When you repeat the entries, reproduce each line exactly and omit every picture.

Data for review section start

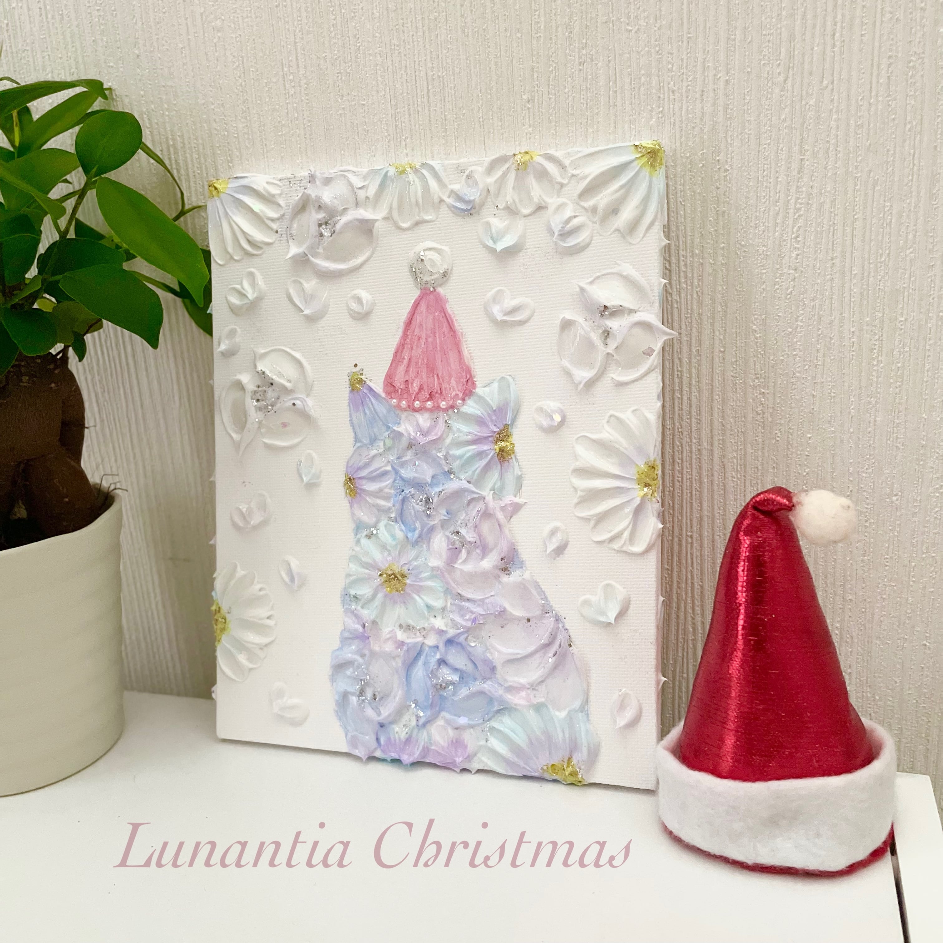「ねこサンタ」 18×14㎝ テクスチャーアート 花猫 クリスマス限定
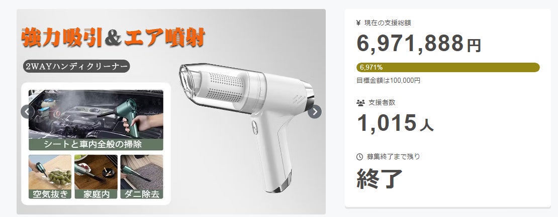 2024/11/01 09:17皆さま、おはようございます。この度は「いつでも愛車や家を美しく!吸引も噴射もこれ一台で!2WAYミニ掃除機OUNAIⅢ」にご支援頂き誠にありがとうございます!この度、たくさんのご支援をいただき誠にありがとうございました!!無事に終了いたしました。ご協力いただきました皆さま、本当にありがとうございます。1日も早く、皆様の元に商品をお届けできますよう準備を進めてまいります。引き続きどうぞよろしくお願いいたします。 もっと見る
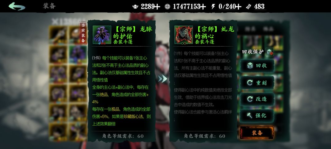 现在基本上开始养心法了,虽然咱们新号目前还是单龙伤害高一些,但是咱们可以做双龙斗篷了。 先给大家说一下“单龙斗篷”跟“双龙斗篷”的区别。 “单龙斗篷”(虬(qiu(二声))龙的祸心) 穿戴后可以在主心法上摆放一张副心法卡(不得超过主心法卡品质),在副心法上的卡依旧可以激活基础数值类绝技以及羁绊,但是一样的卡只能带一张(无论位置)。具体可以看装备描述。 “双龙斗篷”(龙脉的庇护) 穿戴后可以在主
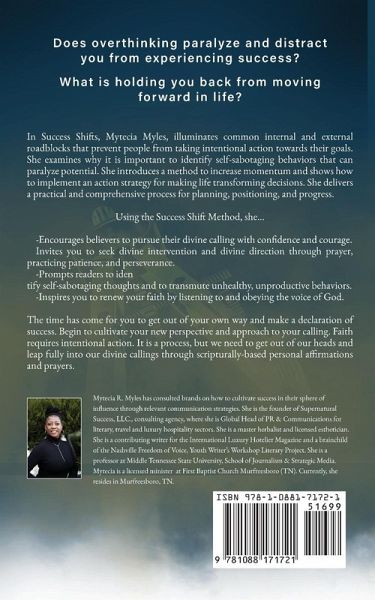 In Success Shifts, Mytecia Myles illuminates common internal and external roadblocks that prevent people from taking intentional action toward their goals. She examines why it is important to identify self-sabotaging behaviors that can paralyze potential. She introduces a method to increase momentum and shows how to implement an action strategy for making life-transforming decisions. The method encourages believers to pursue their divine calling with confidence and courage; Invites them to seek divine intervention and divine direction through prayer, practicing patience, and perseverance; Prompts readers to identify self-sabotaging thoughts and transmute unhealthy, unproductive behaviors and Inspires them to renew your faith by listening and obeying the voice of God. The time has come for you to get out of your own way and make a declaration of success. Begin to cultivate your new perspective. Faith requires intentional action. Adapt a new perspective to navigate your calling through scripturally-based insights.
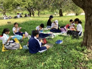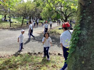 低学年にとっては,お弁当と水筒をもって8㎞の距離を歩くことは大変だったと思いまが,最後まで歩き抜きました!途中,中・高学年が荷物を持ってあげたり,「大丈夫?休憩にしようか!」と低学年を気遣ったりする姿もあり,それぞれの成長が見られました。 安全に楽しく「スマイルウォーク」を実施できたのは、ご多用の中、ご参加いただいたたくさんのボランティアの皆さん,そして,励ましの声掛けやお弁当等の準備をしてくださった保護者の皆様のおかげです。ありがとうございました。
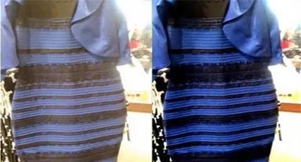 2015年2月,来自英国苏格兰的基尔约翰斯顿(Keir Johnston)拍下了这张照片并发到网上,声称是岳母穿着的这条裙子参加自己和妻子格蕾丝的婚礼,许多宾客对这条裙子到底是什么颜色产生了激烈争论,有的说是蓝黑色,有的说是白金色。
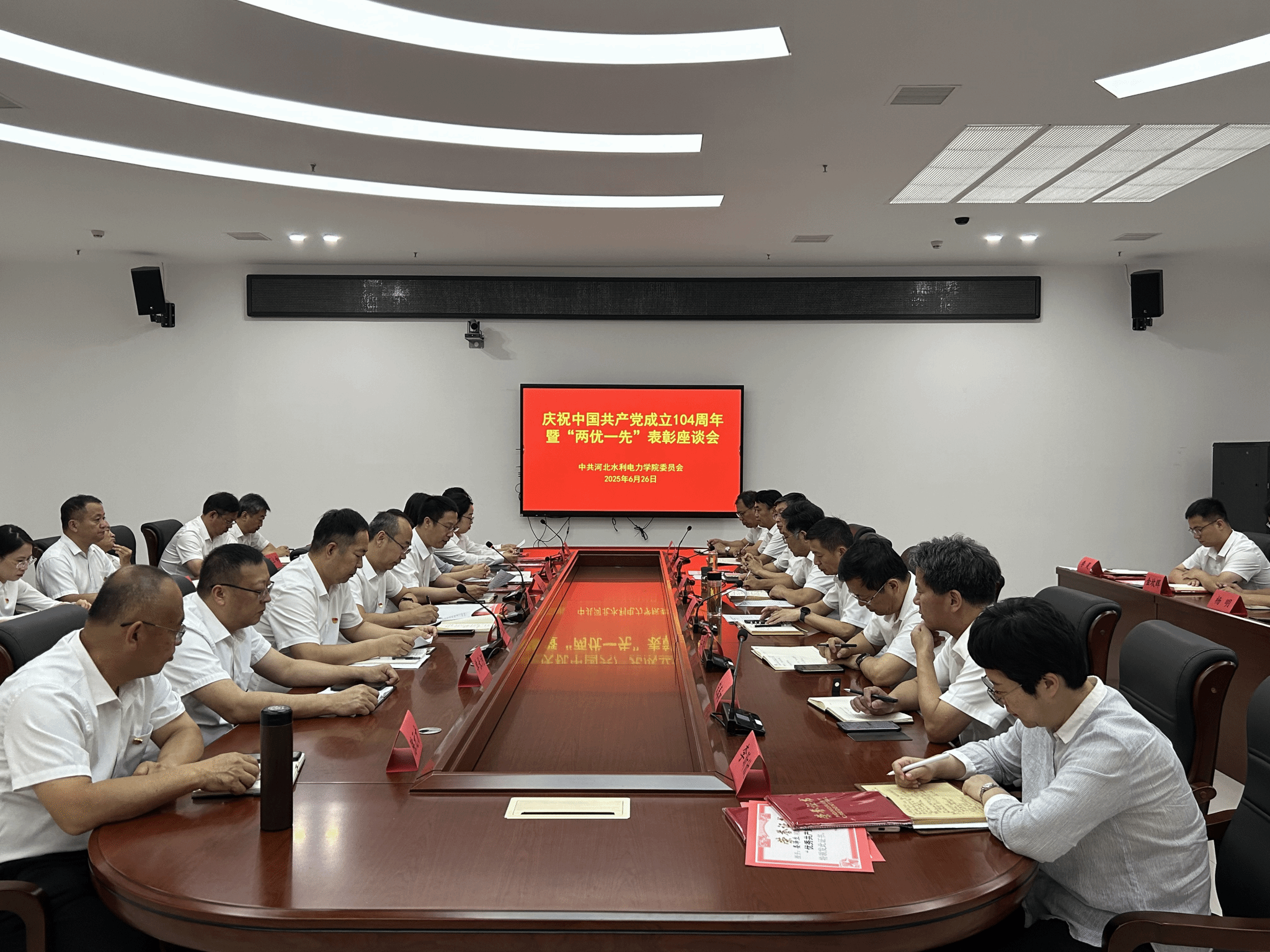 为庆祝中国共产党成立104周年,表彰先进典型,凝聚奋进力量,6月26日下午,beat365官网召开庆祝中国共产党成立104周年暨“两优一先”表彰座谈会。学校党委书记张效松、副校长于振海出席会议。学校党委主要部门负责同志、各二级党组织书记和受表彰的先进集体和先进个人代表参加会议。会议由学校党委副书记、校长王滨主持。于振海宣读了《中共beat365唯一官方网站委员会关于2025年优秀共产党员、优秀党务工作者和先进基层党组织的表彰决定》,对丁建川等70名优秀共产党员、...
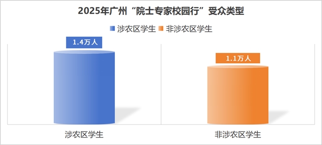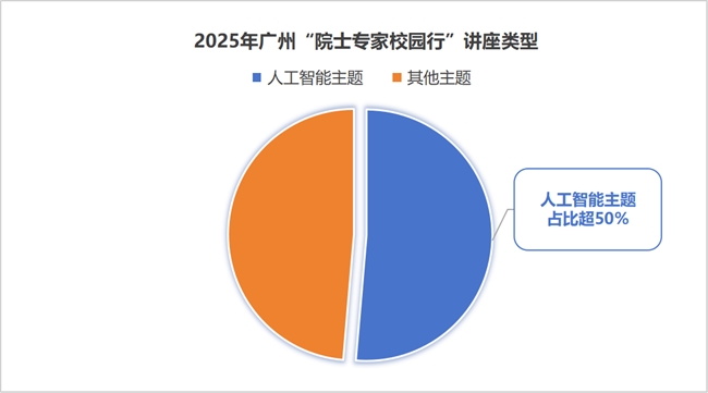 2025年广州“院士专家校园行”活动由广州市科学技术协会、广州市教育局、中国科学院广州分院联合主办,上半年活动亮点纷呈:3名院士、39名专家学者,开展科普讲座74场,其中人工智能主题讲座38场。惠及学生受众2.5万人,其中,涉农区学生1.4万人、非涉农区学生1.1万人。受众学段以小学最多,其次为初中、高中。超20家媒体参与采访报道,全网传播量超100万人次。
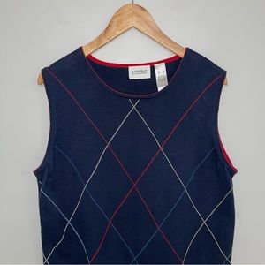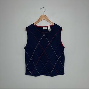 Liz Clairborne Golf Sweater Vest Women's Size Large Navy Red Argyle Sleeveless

Data for review section end

**Output below:**
「ねこサンタ」 18×14㎝ テクスチャーアート 花猫 クリスマス限定
 2024/11/01 09:17皆さま、おはようございます。この度は「いつでも愛車や家を美しく!吸引も噴射もこれ一台で!2WAYミニ掃除機OUNAIⅢ」にご支援頂き誠にありがとうございます!この度、たくさんのご支援をいただき誠にありがとうございました!!無事に終了いたしました。ご協力いただきました皆さま、本当にありがとうございます。1日も早く、皆様の元に商品をお届けできますよう準備を進めてまいります。引き続きどうぞよろしくお願いいたします。 もっと見る
 现在基本上开始养心法了,虽然咱们新号目前还是单龙伤害高一些,但是咱们可以做双龙斗篷了。 先给大家说一下“单龙斗篷”跟“双龙斗篷”的区别。 “单龙斗篷”(虬(qiu(二声))龙的祸心) 穿戴后可以在主心法上摆放一张副心法卡(不得超过主心法卡品质),在副心法上的卡依旧可以激活基础数值类绝技以及羁绊,但是一样的卡只能带一张(无论位置)。具体可以看装备描述。 “双龙斗篷”(龙脉的庇护) 穿戴后可以在主
 In Success Shifts, Mytecia Myles illuminates common internal and external roadblocks that prevent people from taking intentional action toward their goals. She examines why it is important to identify self-sabotaging behaviors that can paralyze potential. She introduces a method to increase momentum and shows how to implement an action strategy for making life-transforming decisions. The method encourages believers to pursue their divine calling with confidence and courage; Invites them to seek divine intervention and divine direction through prayer, practicing patience, and perseverance; Prompts readers to identify self-sabotaging thoughts and transmute unhealthy, unproductive behaviors and Inspires them to renew your faith by listening and obeying the voice of God. The time has come for you to get out of your own way and make a declaration of success. Begin to cultivate your new perspective. Faith requires intentional action. Adapt a new perspective to navigate your calling through scripturally-based insights.
 低学年にとっては,お弁当と水筒をもって8㎞の距離を歩くことは大変だったと思いまが,最後まで歩き抜きました!途中,中・高学年が荷物を持ってあげたり,「大丈夫?休憩にしようか!」と低学年を気遣ったりする姿もあり,それぞれの成長が見られました。 安全に楽しく「スマイルウォーク」を実施できたのは、ご多用の中、ご参加いただいたたくさんのボランティアの皆さん,そして,励ましの声掛けやお弁当等の準備をしてくださった保護者の皆様のおかげです。ありがとうございました。
 2015年2月,来自英国苏格兰的基尔约翰斯顿(Keir Johnston)拍下了这张照片并发到网上,声称是岳母穿着的这条裙子参加自己和妻子格蕾丝的婚礼,许多宾客对这条裙子到底是什么颜色产生了激烈争论,有的说是蓝黑色,有的说是白金色。
 为庆祝中国共产党成立104周年,表彰先进典型,凝聚奋进力量,6月26日下午,beat365官网召开庆祝中国共产党成立104周年暨“两优一先”表彰座谈会。学校党委书记张效松、副校长于振海出席会议。学校党委主要部门负责同志、各二级党组织书记和受表彰的先进集体和先进个人代表参加会议。会议由学校党委副书记、校长王滨主持。于振海宣读了《中共beat365唯一官方网站委员会关于2025年优秀共产党员、优秀党务工作者和先进基层党组织的表彰决定》,对丁建川等70名优秀共产党员、...
 2025年广州“院士专家校园行”活动由广州市科学技术协会、广州市教育局、中国科学院广州分院联合主办,上半年活动亮点纷呈:3名院士、39名专家学者,开展科普讲座74场,其中人工智能主题讲座38场。惠及学生受众2.5万人,其中,涉农区学生1.4万人、非涉农区学生1.1万人。受众学段以小学最多,其次为初中、高中。超20家媒体参与采访报道,全网传播量超100万人次。
 Liz Clairborne Golf Sweater Vest Women's Size Large Navy Red Argyle Sleeveless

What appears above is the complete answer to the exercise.